Segment Start: INPUT FOR THIS TASK

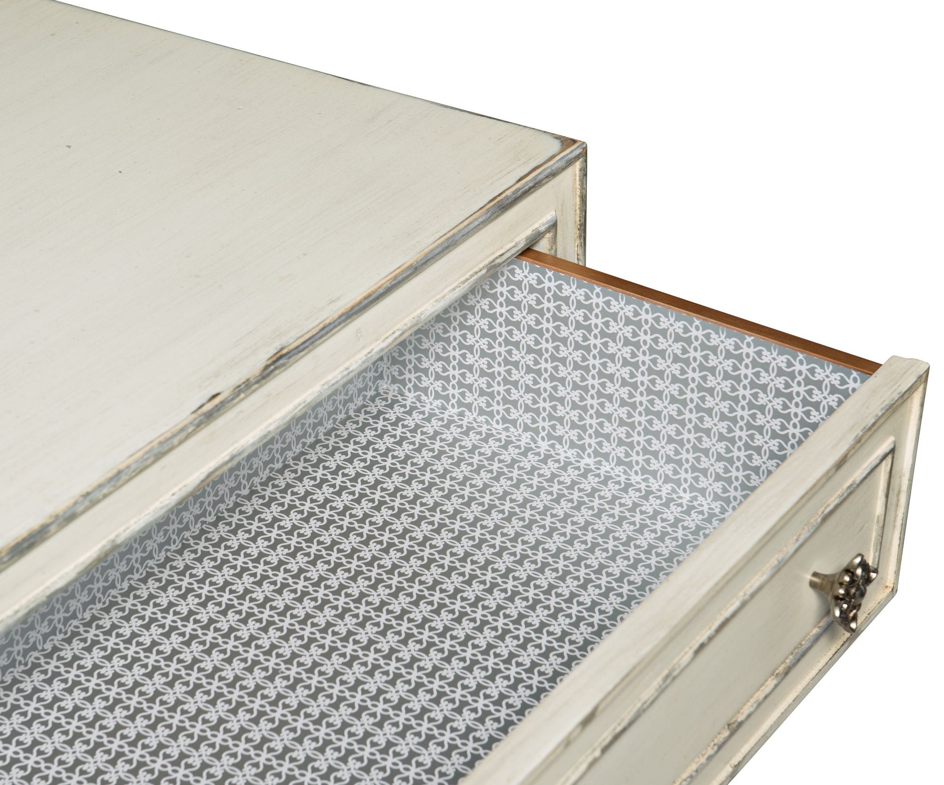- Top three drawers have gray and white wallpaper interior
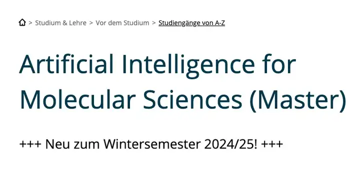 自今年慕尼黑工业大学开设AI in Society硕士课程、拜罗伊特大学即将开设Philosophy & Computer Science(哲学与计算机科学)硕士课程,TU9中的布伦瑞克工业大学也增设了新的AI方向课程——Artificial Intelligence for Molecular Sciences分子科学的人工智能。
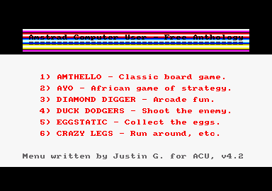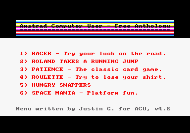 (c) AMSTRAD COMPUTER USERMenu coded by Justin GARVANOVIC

Segment End: INPUT FOR THIS TASK
Segment Start: INPUT FOR THIS TASK

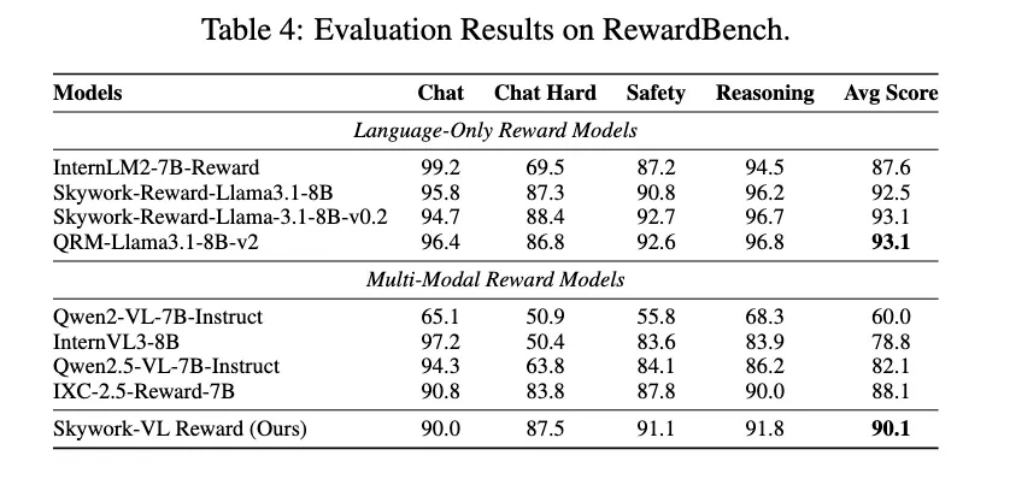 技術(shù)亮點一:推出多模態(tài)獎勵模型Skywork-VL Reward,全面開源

Segment End: INPUT FOR THIS TASK
Segment Start: INPUT FOR THIS TASK

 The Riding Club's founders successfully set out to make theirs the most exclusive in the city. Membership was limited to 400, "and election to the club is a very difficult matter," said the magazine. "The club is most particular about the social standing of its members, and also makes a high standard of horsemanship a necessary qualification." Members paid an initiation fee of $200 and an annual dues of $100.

Segment End: INPUT FOR THIS TASK

■ **EXERCISE DETAILS**: Precisely those lines above that run from the line with "自今年慕尼黑工业大学开设AI in Society硕士课程、拜罗伊特大学即将开设Philosophy" up to and including the line with "(c) AMSTRAD COMPUTER" are to be set down, with the pictures omitted.

■ **TASK RESULT**:
 自今年慕尼黑工业大学开设AI in Society硕士课程、拜罗伊特大学即将开设Philosophy & Computer Science(哲学与计算机科学)硕士课程,TU9中的布伦瑞克工业大学也增设了新的AI方向课程——Artificial Intelligence for Molecular Sciences分子科学的人工智能。
 (c) AMSTRAD COMPUTER USERMenu coded by Justin GARVANOVIC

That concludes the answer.